24 Jan

In recent years, more customers are looking for ways to lessen their impact on the environment. 

Many companies are looking for more eco-options, offering more recyclable options for their products, using recycled materials or using non plastic options. 

It is really important not to mislead your customers, as there are legal, ethical and brand consequences for doing so. 

Here are some recent ASA rulings that you might not be aware of:

ASA Ruling on Pepsi Lipton International

A poster for Lipton Ice Tea claimed that the bottle was 100% recycled, however in the small print, it stated “Bottle made from recycled plastic, excludes cap and label”.

The ASA concluded that as the cap and the label of the bottle were not made of recycled materials, and as the wording was in very small text that could easily be overlooked it was in breach of the advertising code. 

The ad breached CAP Code (Edition 12) rules 3.1 (Misleading advertising), 3.7 (Substantiation), 3.9 (Qualification) and 11.3 (Environmental claims).


ASA Ruling on Roxane UK Ltd t/a Aqua Pura

 A TV ad for Aqua Pura, seen in August 2021, featured people drinking from bottles of Aqua Pura whilst enjoying time outdoors in nature. A voice-over said, “In Cumbria there’s more to water. From clouds up high, down hill and fell and mountainside. Flowing deep for years. Nature purifies on its journey to finding you. Bottle it up, guzzle it down, bathe the hills and quench the towns. For this is aqua. Nothing purer, it’s nature friendly we assure you. Crush it down, take it back, we’ll make plenty more with that. So take a sip of Cumbria. Go out, go far, go live. Aqua Pura. Hydration for the nation.” The ad ended with two bottles of Aqua Pura on a rock with a backdrop of a lake and rolling green hills, the Aqua Pura logo and text that said “Hydration for the Nation” and “100% recycled & recyclable bottle with eco-friendly cap*”. The asterisk linked to text on screen that said “*relates to 500ml bottles only”. 

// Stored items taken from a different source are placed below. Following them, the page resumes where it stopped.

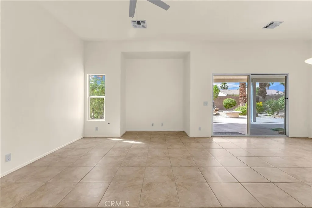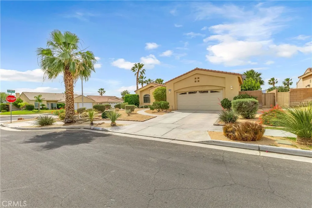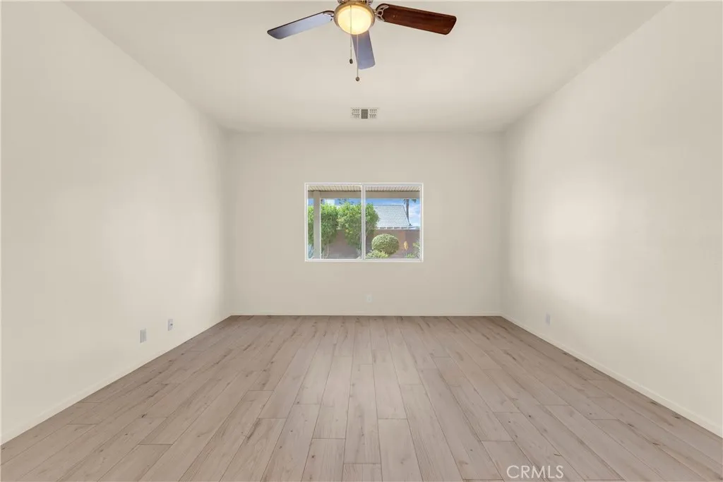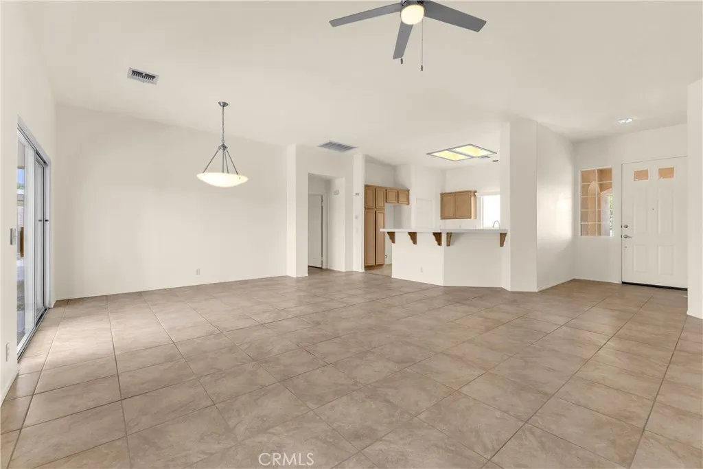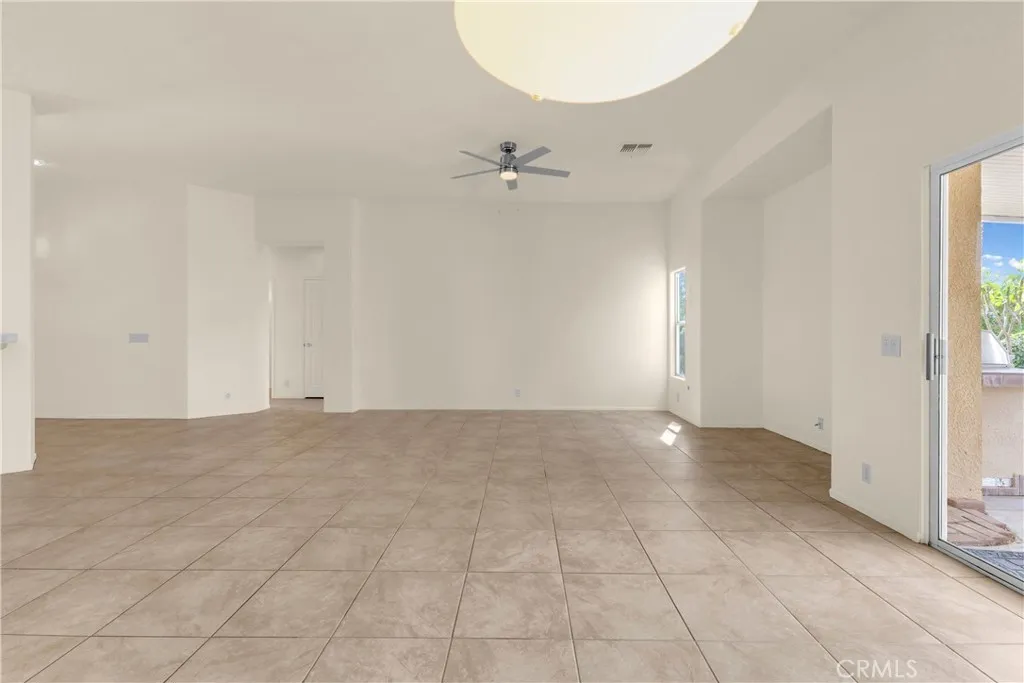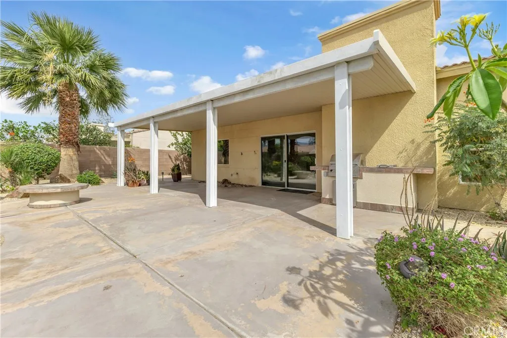 This single level home sits on a quiet corner lot with mature desert landscaping and a clean, well maintained exterior that creates a strong first impression, with curved walkways, palms, and layered plantings adding both character and privacy while the setting captures open sky and distant mountain views; inside, the layout opens immediately into a large main living area with high ceilings, expansive tile flooring, and abundant natural light, giving the space a bright and functional feel that easily accommodates both everyday living and larger gatherings, while the adjacent dining area connects directly to the backyard through wide sliding glass doors, reinforcing an easy indoor outdoor flow; the kitchen is positioned just off the main living space with generous counter space, a wraparound breakfast bar, and ample cabinetry, offering a practical footprint that allows for casual seating and clear sightlines into the living and dining areas; the primary suite is set apart with brand new LVP flooring, a spacious layout, and direct access to a well sized bathroom and walk in closet, creating a comfortable retreat within the home, while additional bedrooms also feature brand new LVP flooring and continue the same clean, move in ready condition with neutral finishes that allow flexibility for different uses; the backyard is designed for low maintenance enjoyment with desert landscaping, mature trees, and multiple seating areas, anchored by a covered patio that provides consistent shade and an outdoor built in grill area that supports year round use, while a central fountain feature adds a focal point and a sense of separation between entertaining and relaxation spaces; overall, the home offers a combination of open interior layout, practical design, and private outdoor space, positioned on a corner lot that enhances both curb appeal and livability.
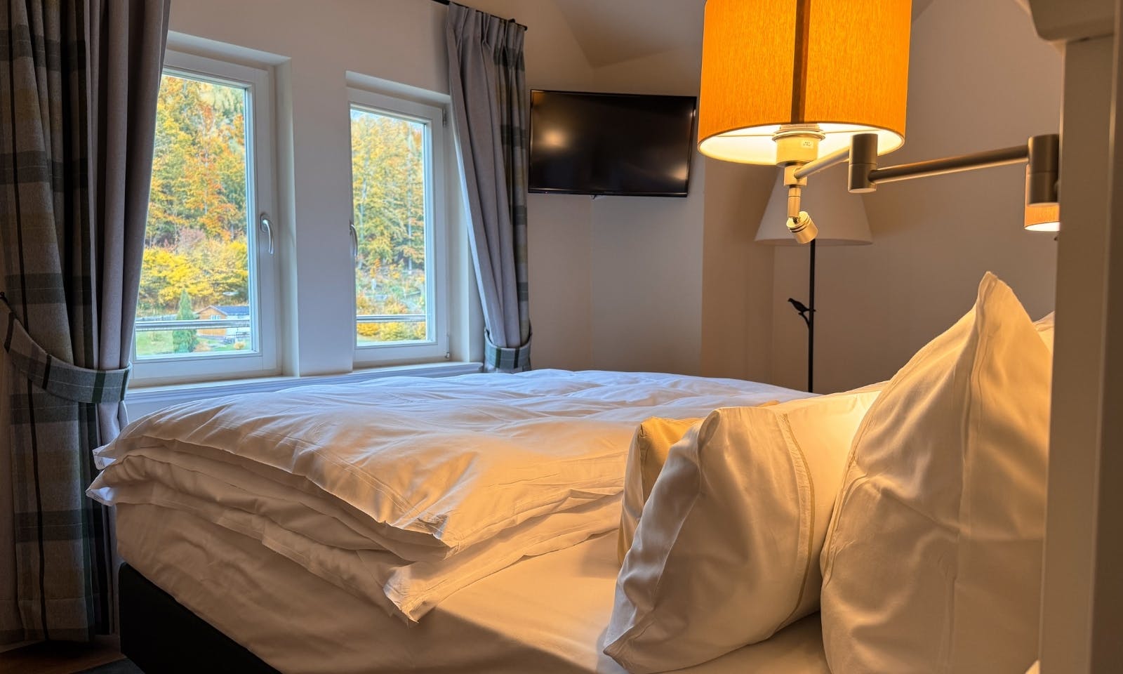 Auch praktisch: Du musst nur den kleinen Hügel hinab und schon bist du auf endlosen Wanderwegen. Perfekt für die erste Gassi-Runde am Morgen oder einen kurzen Spaziergang nach dem Abendessen. Im Herbst ist das besonders schön, weil die Laubbäume rund ums Hotel in allen Farben leuchten.
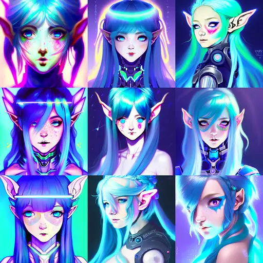 3 years ago art championship winner trending on artstation portrait of a goddess elven mecha warrior princess, head and shoulders, blue hair, matte print, pastel pink neon, cinematic highlights, lighting, digital art, cute freckles, digital painting, fan art, elegant, pixiv, by Ilya Kuvshinov, daily deviation, IAMAG, illustration collection aaaa updated watched premiere edition commission ✨✨✨ whilst watching fabulous artwork \ exactly your latest completed artwork discusses upon featured announces recommend achievement Stable Diffusion 1 110

Roxane Uk Ltd commented that the bottle as made from recycled PET from their own recycling plant, and that the 500ml bottles were made from 100% recycled materials. The label and cap were made from polypropylene and HDPE plastic which may also be recycled. 

The ASA concluded that the claim "100%...recyclable bottle" was not misleading as the company demonstrated that all parts of the bottle could be recycled.

However the term "eco-friendly cap" should demonstrate that the cap as not harmful to the environment at any point in its full life cycle. 

The lid was designed to remain attached to the bottle and not to get lost in nature, however as the cap was made from non-recycled plastic, the production of the cap would have a negative impact on the environment.

On that point, the ad breached BCAP Code rules 3.1 (Misleading advertising), 3.9 (Substantiation) and 9.2, 9.3, 9.4 and 9.5 (Environmental claims). 

The ASA told them ..." to ensure they did not overstate the environmental benefit of their brand and products, and did not claim that products made of plastic were “eco-friendly” or “nature friendly”. 

What does this mean?

These rulings are a sign that the average consumer is increasingly reporting misleading eco-claims and that the ASA is investigating them and agreeing that some aspects of the claims are misleading. 

We would recommend researching carefully any product claims regarding its 'eco-friendly' nature and the use of recycled materials and the ability to be recycled to ensure that they are not misleading to the consumer.